Work order: Each entry below is to be transcribed exactly; pictures are not copied.

Listed entries:
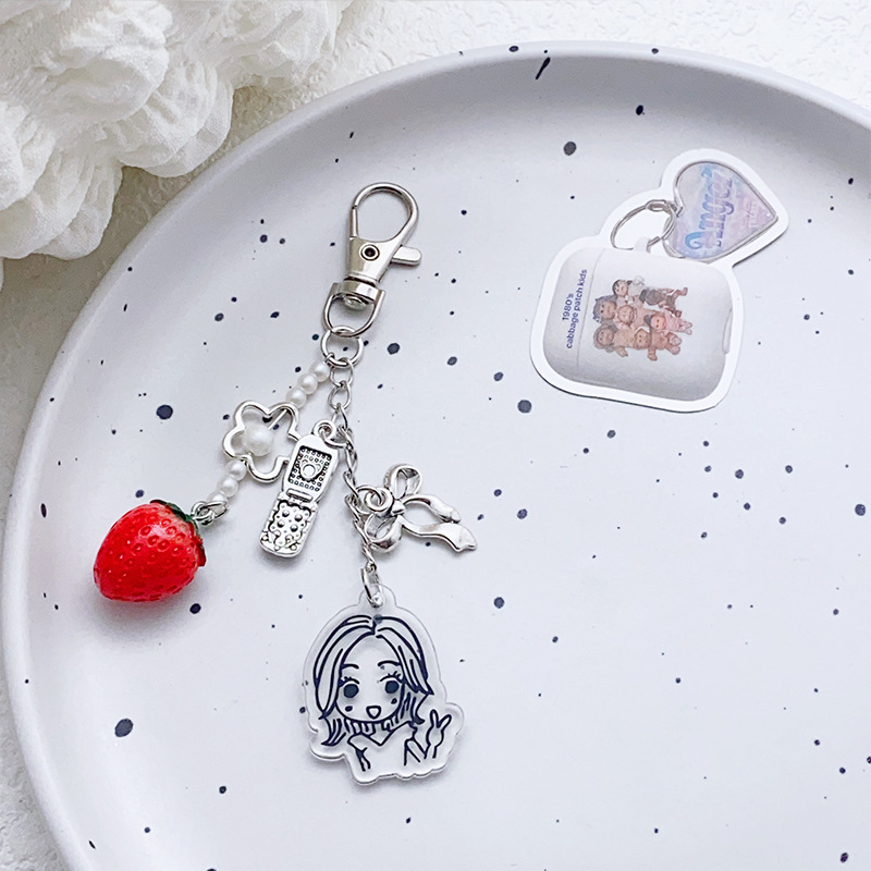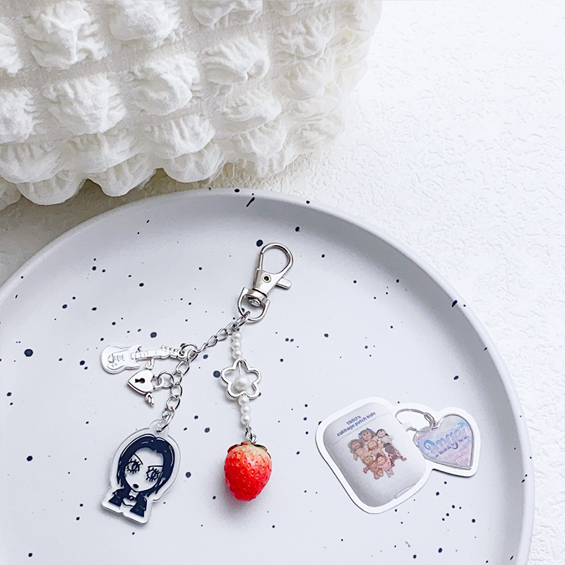 가벼운 아크릴 소녀의 아바타 딸기 활 전화 기타 구슬 키 체인 휴대 전화 체인 가방 체인 여성스토어 가기
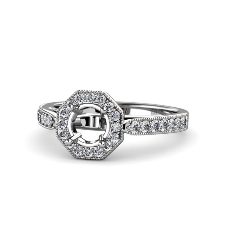 Let this enchanting Semi Mount Engagement Ring put your Love into words with Octagon Halo Frame of Diamonds enhancing its beauty with milgrain work on the edges.
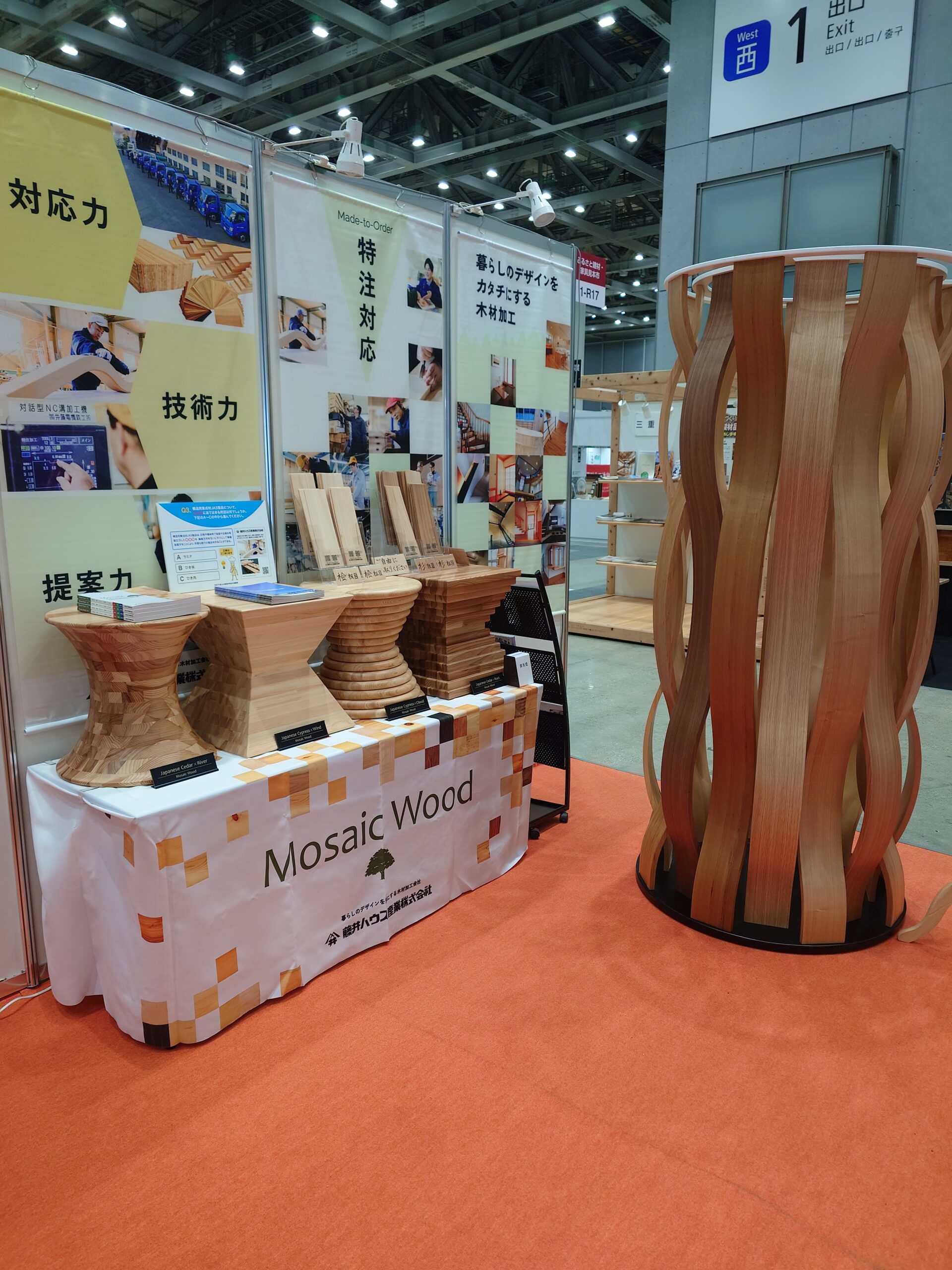 多くの来場者の方々にブースにお立ち寄りいただき、岐阜県産材の桧と杉をはじめ、様々な樹種の集成材で製作した
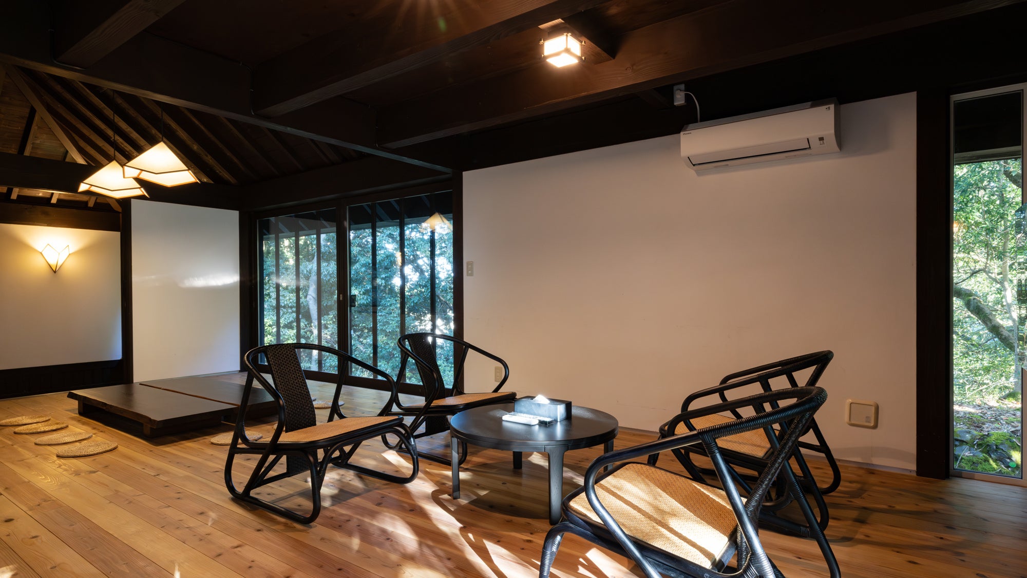 梁の重みや木の温もりを感じる古民家風の室内は、白壁と木の質感がやわらかく調和した、静かにくつろげる空間です。
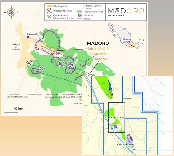 The Cerro Minas Property lies within the Oaxaca epithermal Au-Ag belt, approximately 130 kilometers southeast of Oaxaca City, and 30 kilometers southeast of Gold Resource Corporation’s (NYSE American: GORO) operating Arista-Switchback mine. The Property is an inlier to the Yautepec Project concession and covers 5 kilometers strike length of highly prospective ground along a northwest trending caldera structural margin. In addition, the Property contains polymetallic skarn-style mineralization (Ag-Au-Cu-Pb-Zn) that is the subject of historical reports by the Mexican Consejo de Recursos Minerales which documents small-scale artisanal mining.
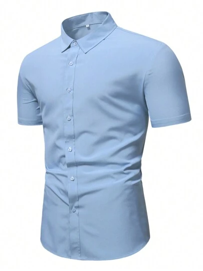 Manfinity Mode Men Solid Button Up Shirt - Baby Blue - View 1
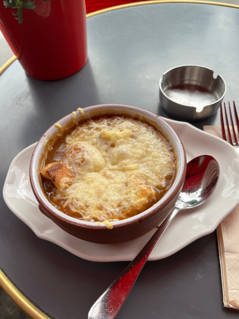 I had a series of several minor misfortunes upon actually arriving in Paris—some trouble getting the metro from the airport, losing an earring, both my intended lunch options closed—but I ended up going to the Arc Du Triomphe early and getting some tasty onion soup there, so it all ended up good!
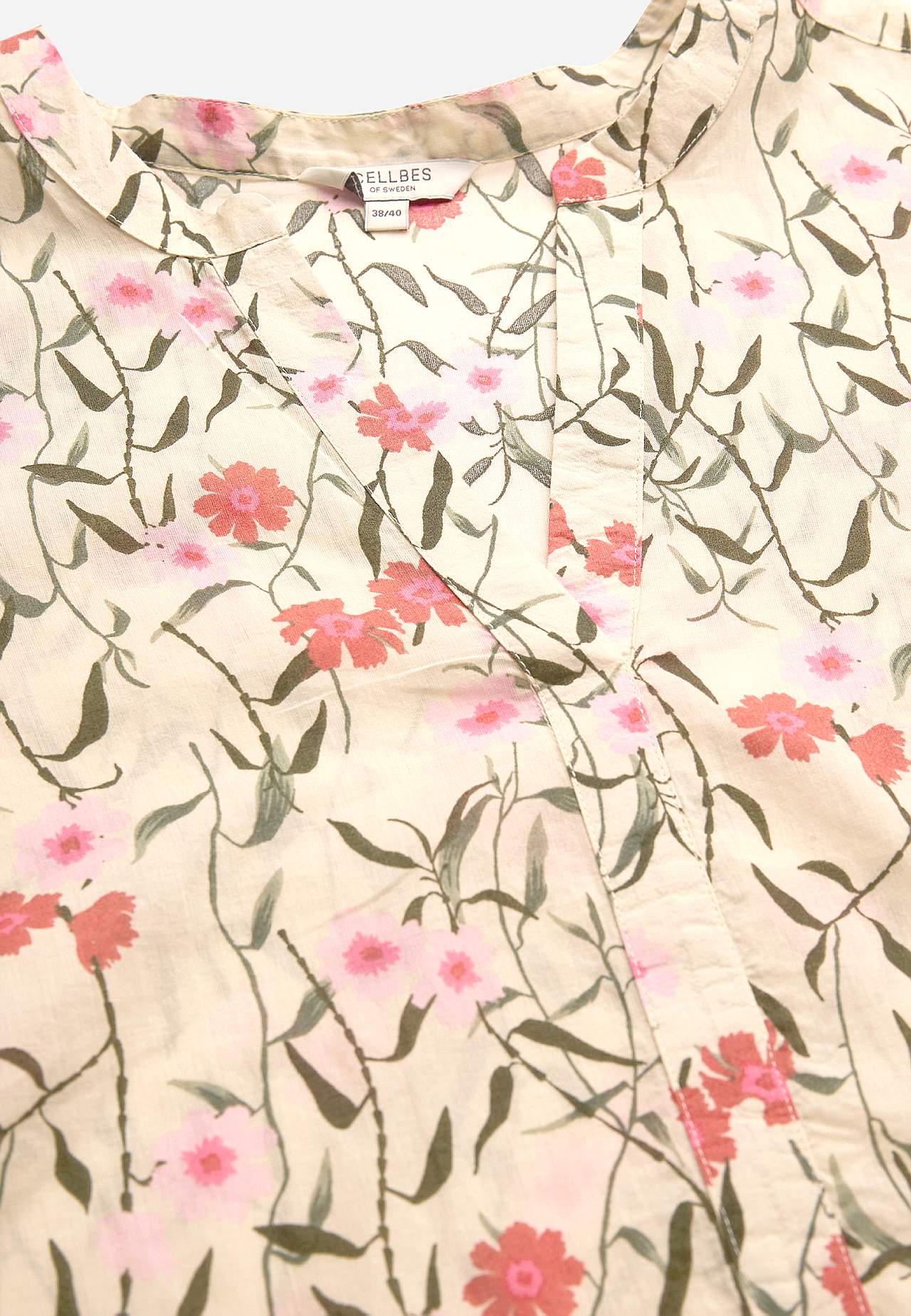 Tunika z przyjemnego i przewiewnego woal bawełniaien. Nieco cieńszy i miękki materiał idealny na ciepłe dni. Luźny fason. Szyja z wycięciem pod szyją w serek i rozcięciem zapinanym na guziki. Zaokrąglony brzeg. Długość od ramion w zależności od rozmiaru ok. 70-81 cm.
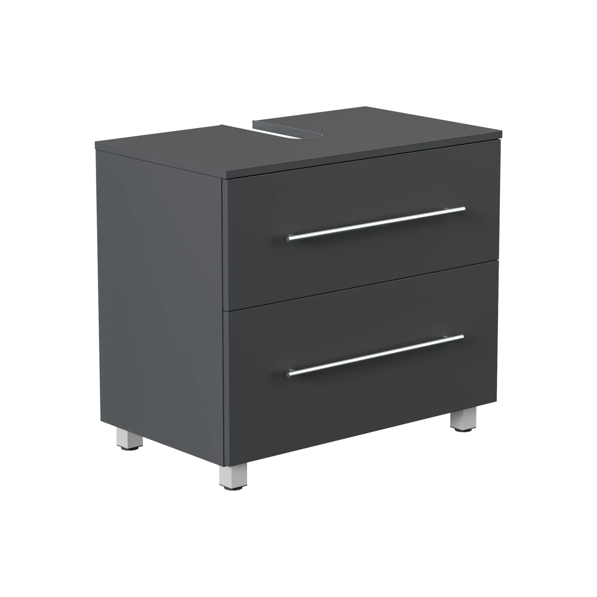 De wastafelkast Glasgow Grafiet 70 cm biedt een strakke en eigentijdse uitstraling voor uw badkamer. Dit in Duitsland ontworpen meubel is gemaakt van hoogwaardig spaanplaat en afgewerkt met een matte grafiet coating, waardoor het zowel stijlvol als onderhoudsvriendelijk is. Met een breedte van 70 cm, een hoogte van 63 cm en een diepte van 41,6 cm biedt de kast voldoende ruimte voor al uw badkamerbenodigdheden, terwijl de soft-close mechanismen zorgen voor een rustige werking.
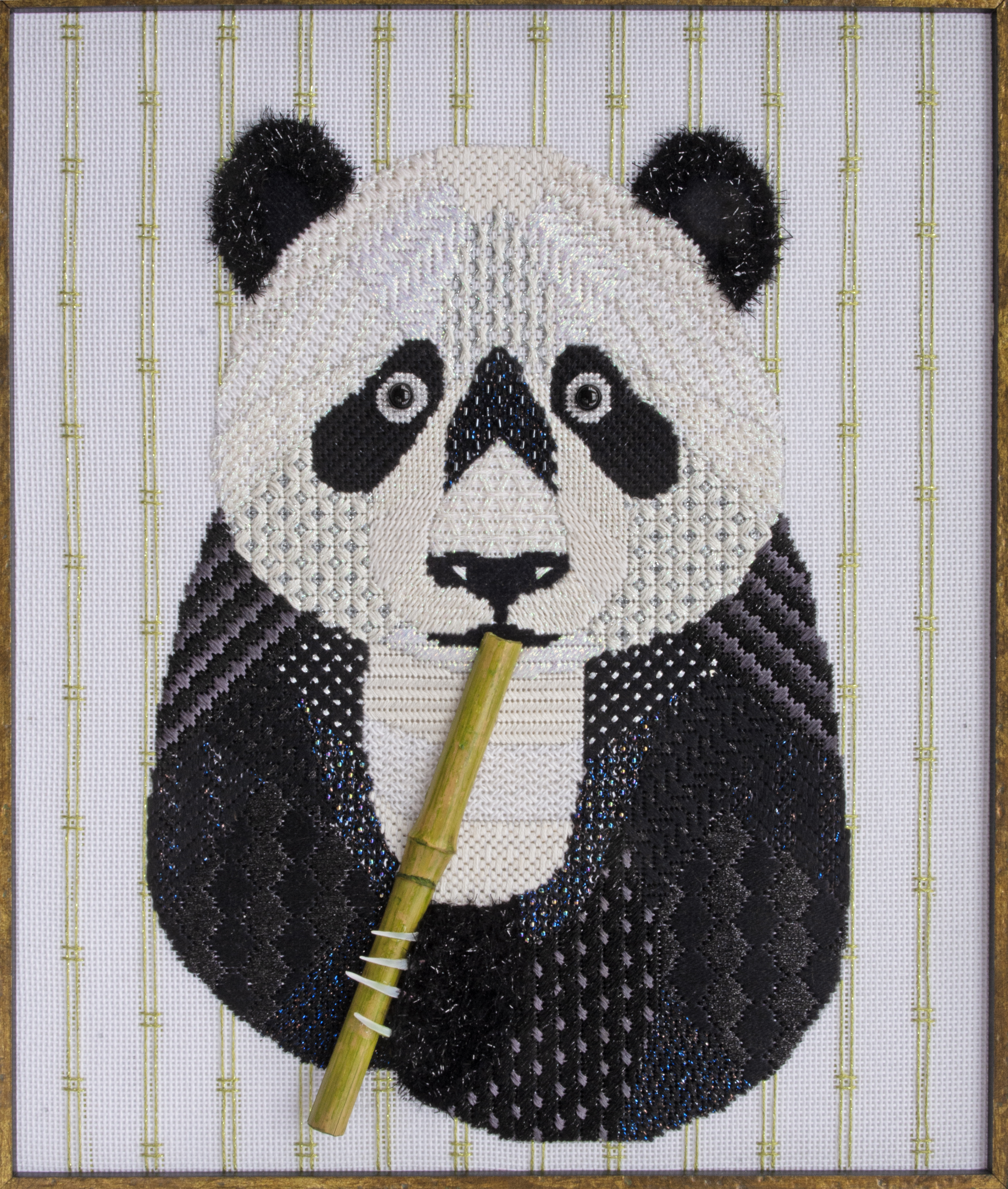 Peng Ling is cheerful patchwork panda. His black and white colors are highlighted with the subtle greens of the bamboo-style open background and the fun bamboo embellishment he is munching. I used many Rainbow Gallery silks and metallics to create texture and subtle color differences in the white and black areas along with beads in a few areas.

Solved problem:
 가벼운 아크릴 소녀의 아바타 딸기 활 전화 기타 구슬 키 체인 휴대 전화 체인 가방 체인 여성스토어 가기
 Let this enchanting Semi Mount Engagement Ring put your Love into words with Octagon Halo Frame of Diamonds enhancing its beauty with milgrain work on the edges.
 多くの来場者の方々にブースにお立ち寄りいただき、岐阜県産材の桧と杉をはじめ、様々な樹種の集成材で製作した
 梁の重みや木の温もりを感じる古民家風の室内は、白壁と木の質感がやわらかく調和した、静かにくつろげる空間です。
 The Cerro Minas Property lies within the Oaxaca epithermal Au-Ag belt, approximately 130 kilometers southeast of Oaxaca City, and 30 kilometers southeast of Gold Resource Corporation’s (NYSE American: GORO) operating Arista-Switchback mine. The Property is an inlier to the Yautepec Project concession and covers 5 kilometers strike length of highly prospective ground along a northwest trending caldera structural margin. In addition, the Property contains polymetallic skarn-style mineralization (Ag-Au-Cu-Pb-Zn) that is the subject of historical reports by the Mexican Consejo de Recursos Minerales which documents small-scale artisanal mining.
 Manfinity Mode Men Solid Button Up Shirt - Baby Blue - View 1
 I had a series of several minor misfortunes upon actually arriving in Paris—some trouble getting the metro from the airport, losing an earring, both my intended lunch options closed—but I ended up going to the Arc Du Triomphe early and getting some tasty onion soup there, so it all ended up good!
 Tunika z przyjemnego i przewiewnego woal bawełniaien. Nieco cieńszy i miękki materiał idealny na ciepłe dni. Luźny fason. Szyja z wycięciem pod szyją w serek i rozcięciem zapinanym na guziki. Zaokrąglony brzeg. Długość od ramion w zależności od rozmiaru ok. 70-81 cm.
 De wastafelkast Glasgow Grafiet 70 cm biedt een strakke en eigentijdse uitstraling voor uw badkamer. Dit in Duitsland ontworpen meubel is gemaakt van hoogwaardig spaanplaat en afgewerkt met een matte grafiet coating, waardoor het zowel stijlvol als onderhoudsvriendelijk is. Met een breedte van 70 cm, een hoogte van 63 cm en een diepte van 41,6 cm biedt de kast voldoende ruimte voor al uw badkamerbenodigdheden, terwijl de soft-close mechanismen zorgen voor een rustige werking.
 Peng Ling is cheerful patchwork panda. His black and white colors are highlighted with the subtle greens of the bamboo-style open background and the fun bamboo embellishment he is munching. I used many Rainbow Gallery silks and metallics to create texture and subtle color differences in the white and black areas along with beads in a few areas.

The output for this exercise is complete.